Собственно, это не составило труда, потому что, когда мы оказываемся с ним наедине, во мне начинает нарастать напряжение, которое только Малыгин и может прорвать, проникнув в меня. Это происходит так редко, что мы не успеваем надоесть друг другу. Чаще не встречаемся вовсе не потому, что я опасаюсь, будто ему приестся наша близость. На это мне как раз, честно говоря, плевать… Мне просто некогда. Да и ему тоже: артисту, которого держат на вторых ролях, приходится подрабатывать в нескольких театрах, на радио, на утренниках, свадьбах, да где угодно, лишь бы платили! Влас обаятельный и улыбчивый, он вписывается в любое общество, как хамелеон. Но, отчасти мимикрируя, все же остается самим собой, мгновенно выделяющимся из толпы, иначе не запомнят, не позовут больше.

Не интуиция (при чем здесь она?), а нечто идущее от низов естества подсказывало, что именно Власа Малыгина я встречу здесь первым, и он — тут как тут! — вынырнул из коридорчика, ведущего в администрацию театра.

— А, наконец-то! — воскликнул он, как будто мы виделись пять минут назад, а ведь больше недели не встречались. — Опаздываете, автор!
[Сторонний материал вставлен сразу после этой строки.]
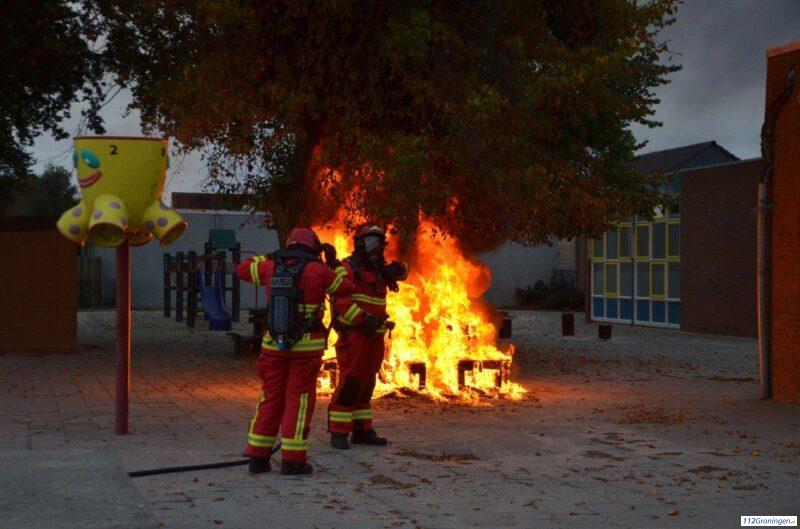 Forse buitenbrand bij OBS Menterhorn in Muntendam

Выгнув руку, показываю ему маленькие часы. На моем подростковом запястье крупные смотрелись бы громоздко. Влас быстро целует мне руку:

— Точность — вежливость королев.

Губы у него всегда влажные, хотя он не имеет привычки облизывать их, как тот жлоб с телевидения. Мне мнится, что за секунду до этого Влас целовался с кем-то в темном кабинете. Имеет право…

— Никогда не чувствовала себя королевой.

— Да ладно! — знакомо тянет он, потом с огорчением добавляет: — Ты совершенно не умеешь врать. Каждая женщина должна хотя бы изображать королеву, если не чувствует себя таковой.

— Зачем? — Я и в самом деле этого не понимаю.

Вздохнув (за такой вздох надо гнать со сцены взашей!), Влас прошептал, даже не осмотревшись, как обычно:

— Вот за это я тебя и люблю. Что ты никогда не прикидываешься лучше, чем ты есть.

— Я и так замечательная, зачем мне прикидываться?

— Господи, какой у тебя голос! Такой низкий, спокойный, что сразу выдает бешеный темперамент! У меня просто мурашки бегут, когда ты что-нибудь говоришь. Скажи: сударь!

Я слегка картавлю, и Влас именно этим словом проверяет, действительно ли это я звоню, когда у него возникают сомнения. Он так и просит: «Скажи: сударь…»

— Уболтал, сударь!

— О! Вот! — он даже глаза закатывает и откидывает голову.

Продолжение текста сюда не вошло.